I was already loved, I was the way I was meant to be, I need to find it and claim it back. I knew I was failing myself and trust in me , knowing that and feeling guilty didn’t help to get back on track. I was basically hiding from light, trying to stay unnoticed in the shadow. Forgive me for referring to “i” all the time, it’s just what I learned and know for sure: with me there are so many people who are overwhelmed with feeling lost, disconnected, guilty and ashamed of that, who as result won’t accept love given to them already. They don’t think they are worthy of it.

Anyway, …you helped me to realize that I need to not just hear it but communicate and I’m sure I ll get there. That’s the only direction I should be going. So, I learned.

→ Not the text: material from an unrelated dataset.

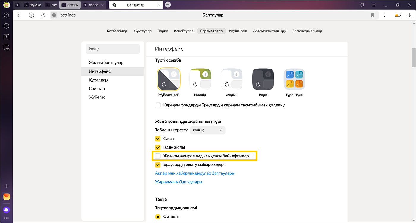 Жаңа қойындыдағы сілтемелердің мәтіндері мен батырмалардың атаулары оңай оқылуы үшін компьютерден жүктелген барлық фондарға қараңғылату фильтрі қолданылады. Бұл фильтрді алып тастау мүмкін емес. Егер сіз одан жарықтау фон алғыңыз келсе, бастапқы суреттің жарықтығын арттырыңыз.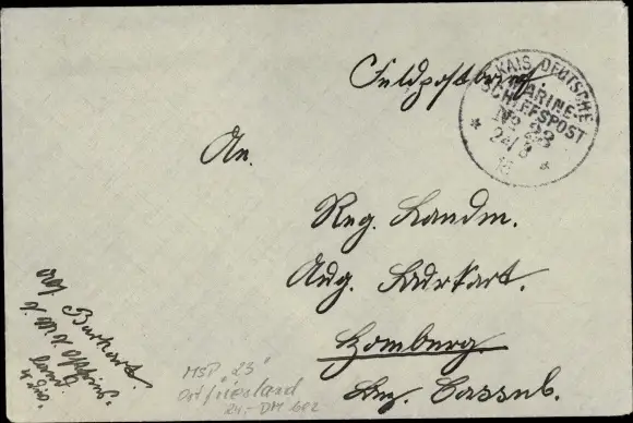 Briefumschlag Stempel Marinepost MSP Nr. 23, Linienschiff SMS Ostfriesland

Good for me. Now drop guilt, fear and remember: someone just confirmed that it’s all true, so you are going in right direction. I really really appreciate your answer. Thank you, that’s exactly what I needed to hear.

PS. My husband is supportive in everything I need , he just wants to see me happy. He calls himself “atheis” …. Please… He is not, he is the most spiritual, true and solid person I know. Atheist is the one who doubts everything but his own existence (what a primitive thinking that is to think there is nothing greater out there than your insignificant self!) He is nothing like that. I showed him your website yesterday and will show today again. He didn’t say it, but based on that suggested couple of books to read… Atheist?! No. He is not.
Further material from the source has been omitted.